Depuis 2014, avec la révolution de Maïdan, ce discours a été principalement dirigé vers l'Europe, cherchant à convaincre les Occidentaux que le mouvement ukrainien était dominé par des néonazis, capitalisant sur la sensibilité historique des Européens face au nazisme. Cette stratégie s'est révélée efficace à l'époque, selon Anna Colin Lebedev, chercheuse spécialisée dans les sociétés post-soviétiques.
Dès le début de l'offensive militaire le 24 février 2022, le besoin de « dénazifier l'Ukraine » a été mis en avant pour justifier l'engagement des troupes russes. Cette fois, le Kremlin a ciblé surtout sa population intérieure. Selon Tatiana Kastoueva-Jean, directrice du Centre Russie/NEI à l'Institut français des relations internationales, ce discours résonne fortement chez les Russes, unis par leur histoire collective de lutte contre le nazisme.
Cette mémoire collective apparaît particulièrement forte chez les jeunes générations qui, par le biais du récit patriotique actuel, se sentent appelées à revendiquer un héritage de courage et de sacrifice, un écho à ceux de leurs ancêtres qui ont combattu pendant la Seconde Guerre mondiale. Comme le souligne Carole Grimaud, chercheuse à l'université Aix-Marseille, le patriotisme est devenu la pierre angulaire de la politique de Poutine, contribuant au recrutement dans les rangs de l'armée.

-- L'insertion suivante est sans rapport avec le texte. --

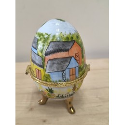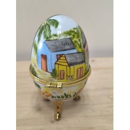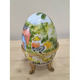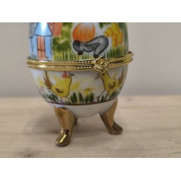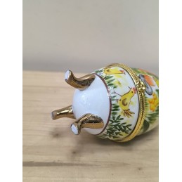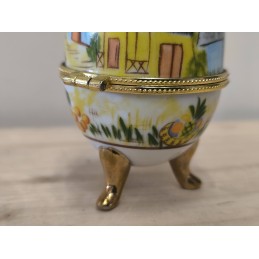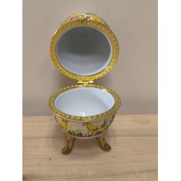Petite boite œuf en porcelaine avec armature dorée

Derrière la métaphore du « mal absolu » que représente le nazisme, un autre adversaire se dessine : l'Occident, perçu comme en déclin. Ce discours qui a gagné en importance ces deux dernières années évoque l'OTAN comme l'héritier d'une vieille rivalité contre l'URSS, avec l'Ukraine considérée comme un bras armé des puissances occidentales.
Cette double narration place l'Ukraine à la croisée de deux combats : celui contre le nazisme et celui contre ce qui est présenté comme l'agression occidentale. La guerre en Ukraine est ainsi redéfinie comme une bataille pour protéger des valeurs traditionnelles et conservatrices, une priorité pour le régime de Poutine depuis les années 2000, engendrant une défense idéologique auprès de la population.
La réécriture de l'Histoire en cours en Russie, qui célèbre la « Grande Guerre patriotique » tout en omettant les collaborations historiques et le pacte germano-soviétique, façonne un récit où les succès passés sont mis en avant. Pendant ce temps, les élites russes, malgré le discours de décadence sur l'Occident, voit leurs enfants fréquenter les meilleures institutions d'enseignement en Europe, témoignant d'un paradoxe au cœur de la propagande actuelle.